My situation with my Son has not improved at all, in fact I would go as far as to say it’s much worse now than it’s ever been, which of course is very sad and very frustrating.

I have had to have the Police a couple of times to him, he’s just been out of control, but unless he’s committed a crime there hands are tied. I have asked him to leave, but he keeps coming back, and if I don’t let him in he damages things, and then I have to pay to put them right, which isn’t ideal at the moment as my ex husband now wants to sell the house, which quite honestly I’m finding very hard to deal with that and everything else.

I read lots on here and think it’s wonderful. I do struggle with the “keep loving him” part, sometimes I wish he would disappear and then I wouldn’t have to cope with it all, and then I feel bad for thinking bad things.

When he is clean and sober for a few days it’s wonderful, but when the Addict takes over I absolutely hate it, I suppose you learn so much having to live with an Addict, but I don’t cope very well with it all now.
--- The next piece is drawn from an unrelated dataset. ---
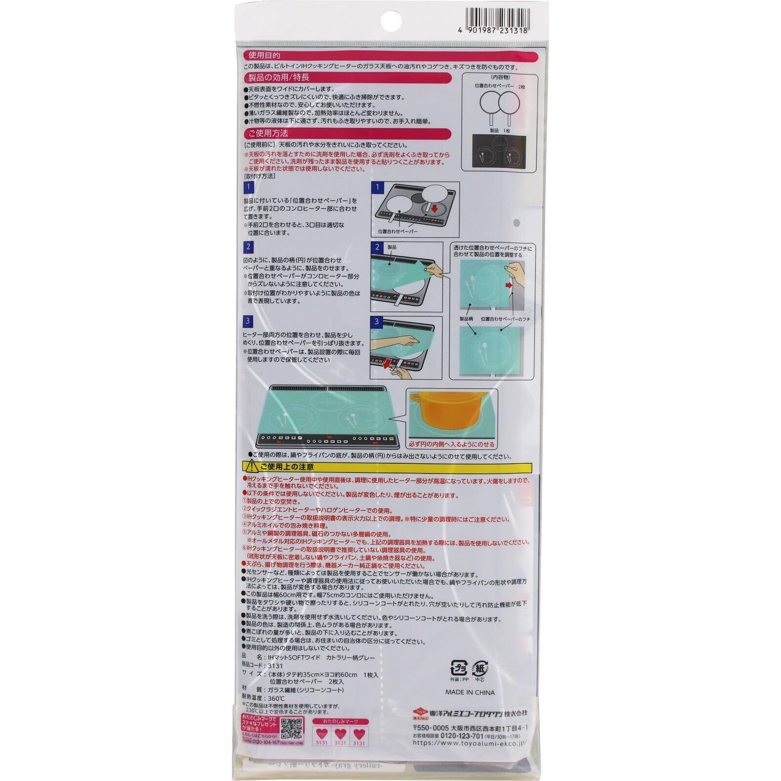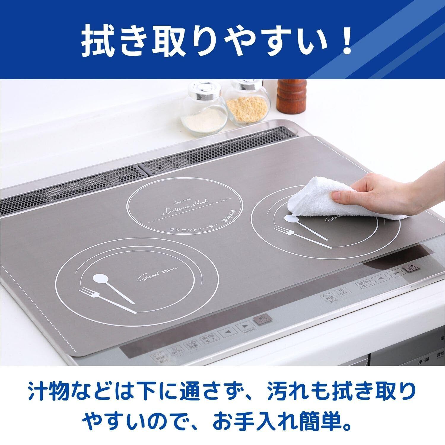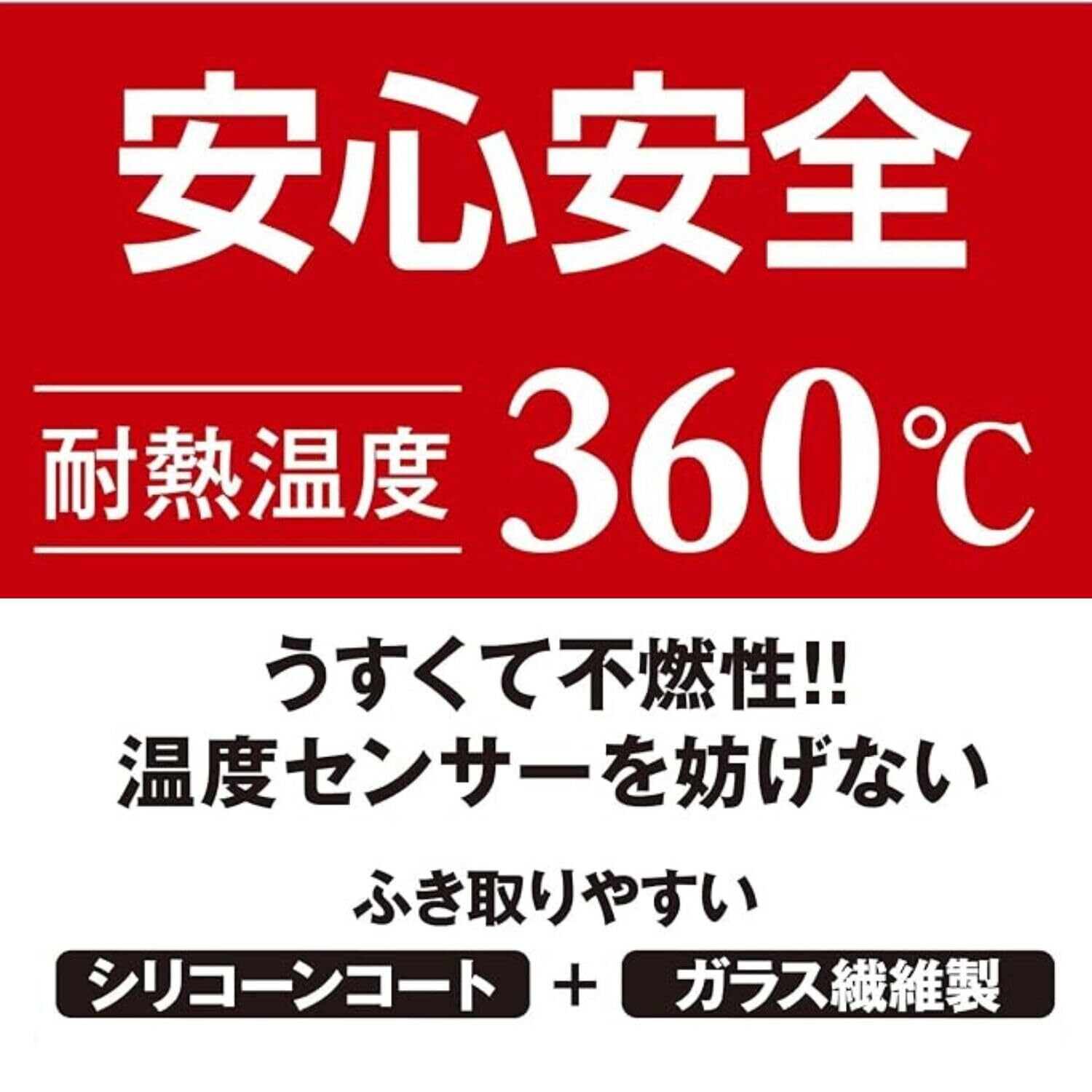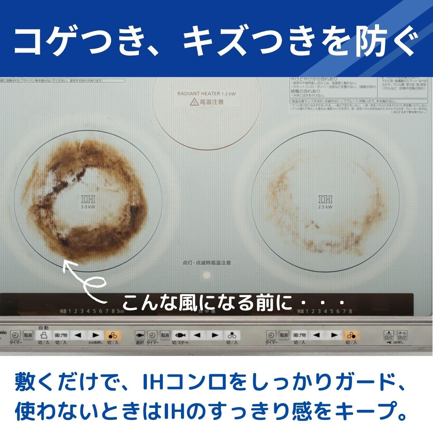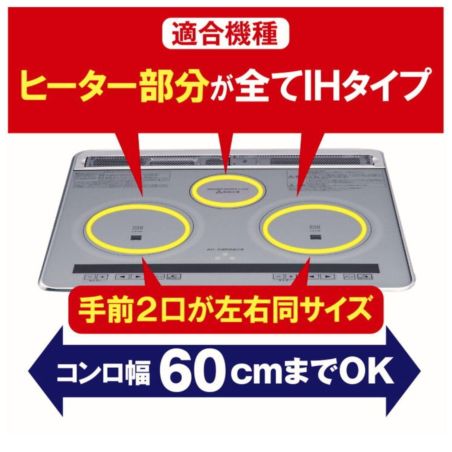 適合機種:3口IH用 (ヒーター部分が全てIHタイプ)。手前2口が左右同サイズ・コンロ幅60cmまで)。天板表面をワイドにカバー。ピタッとくっつきズレにくいので、快適にふき掃除がでる。不燃性素材。薄いガラス繊維製なので、加熱効率はほとんど変わらない。汁物等の液体は下に通さず、汚れもふき取りやすいので、お手入れ簡単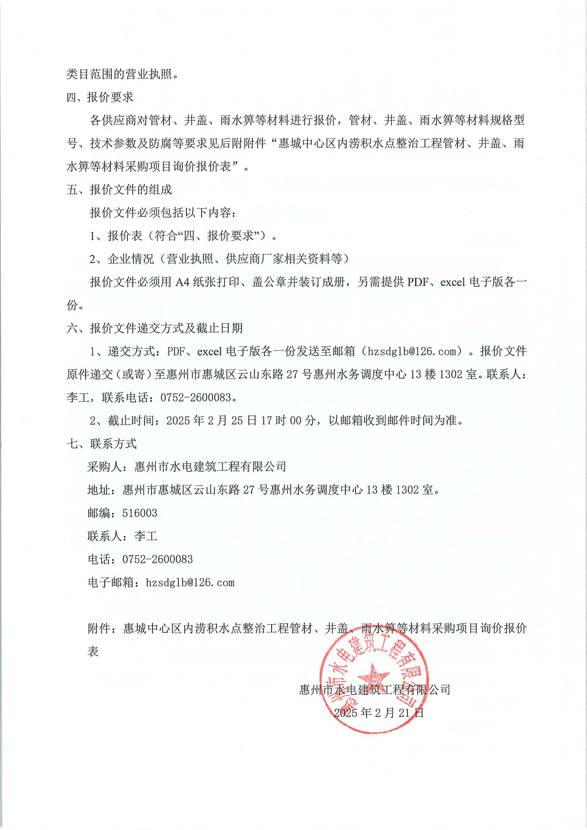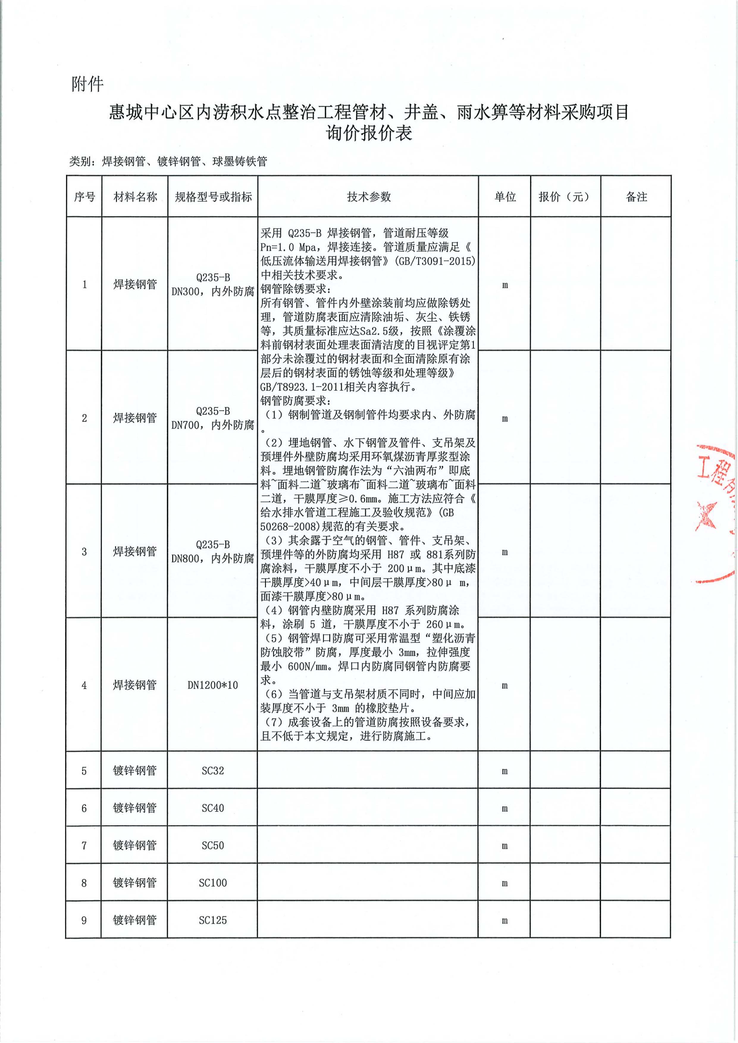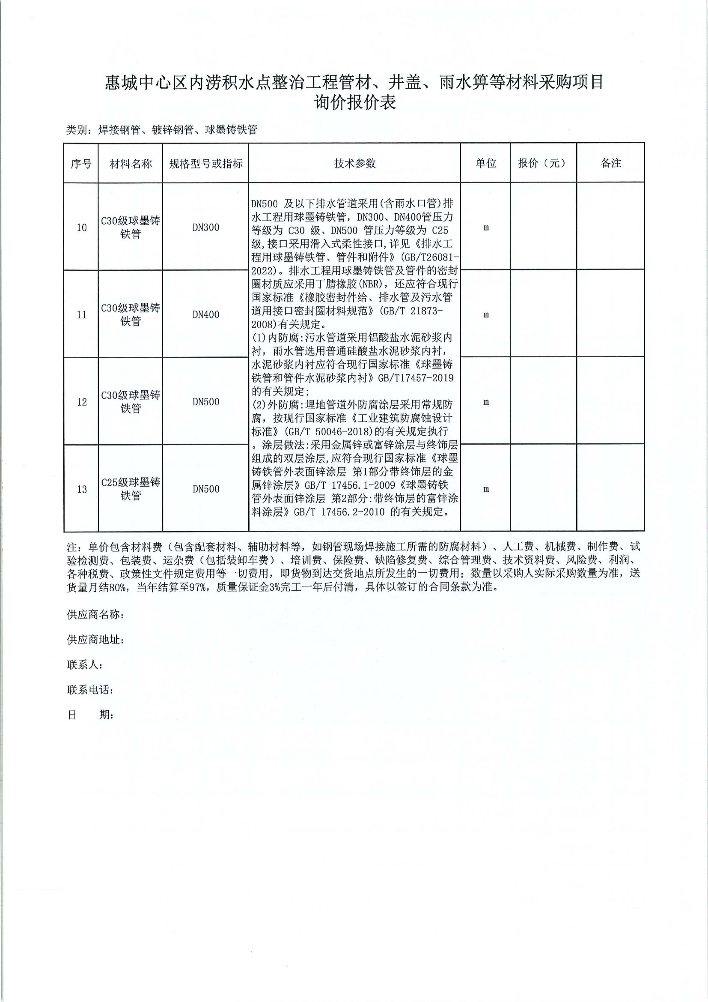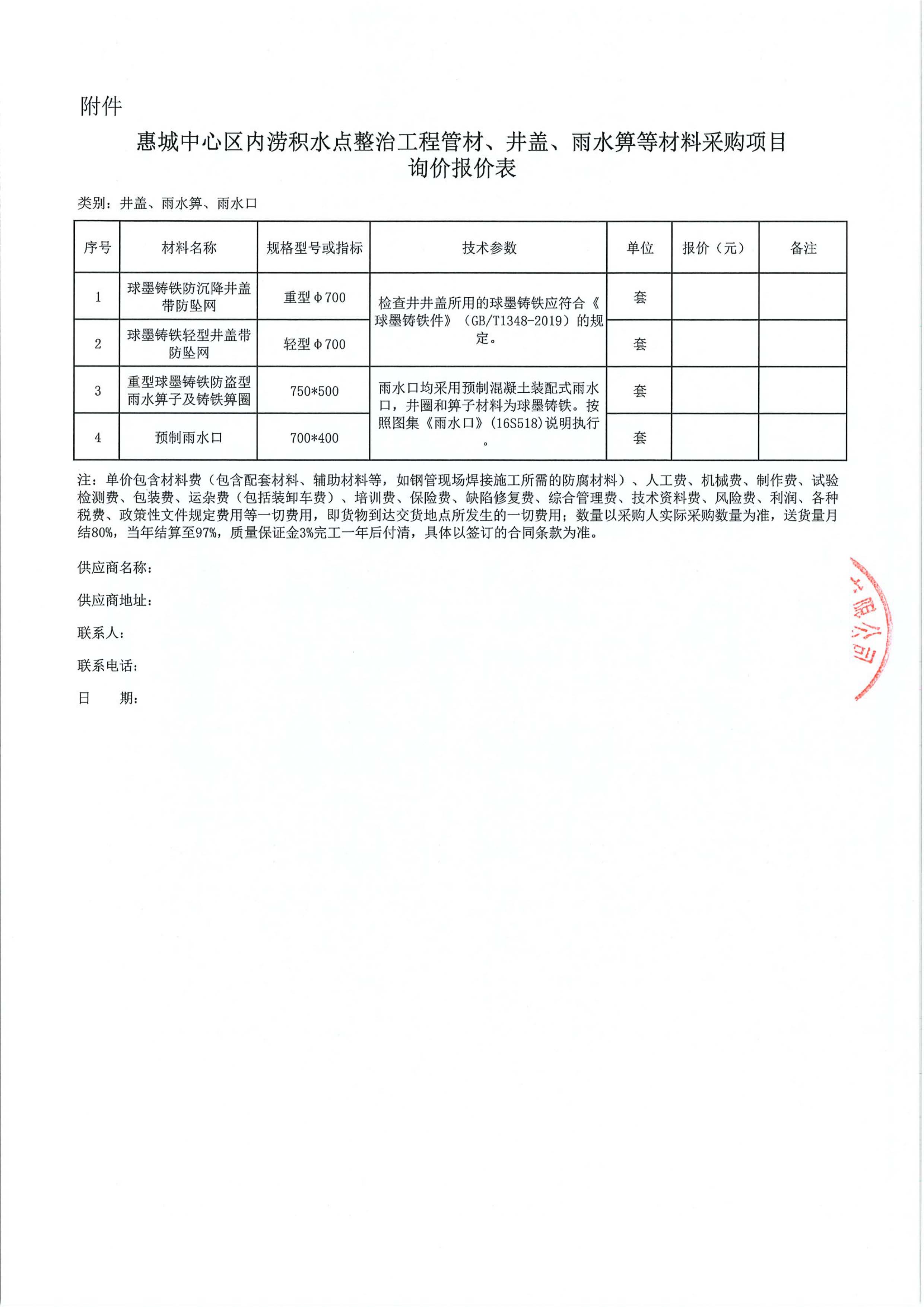 惠城中心區(qū)內(nèi)澇積水點整治工程管材、井蓋、雨水箅等材料采購項目詢價公告附件:

I say terrible things to him, and likewise he does to me, and then the next day your meant to act normal, I find this very difficult to deal with.

He has all the tools and people to talk too, meetings are quite near and available for him to go, but I just don’t see him making any effort, he says I don’t understand, which of course I don’t, but I also think it’s about making choices, and he makes bad choices.

I really can’t see anything changing at the moment, and that fills me with dread.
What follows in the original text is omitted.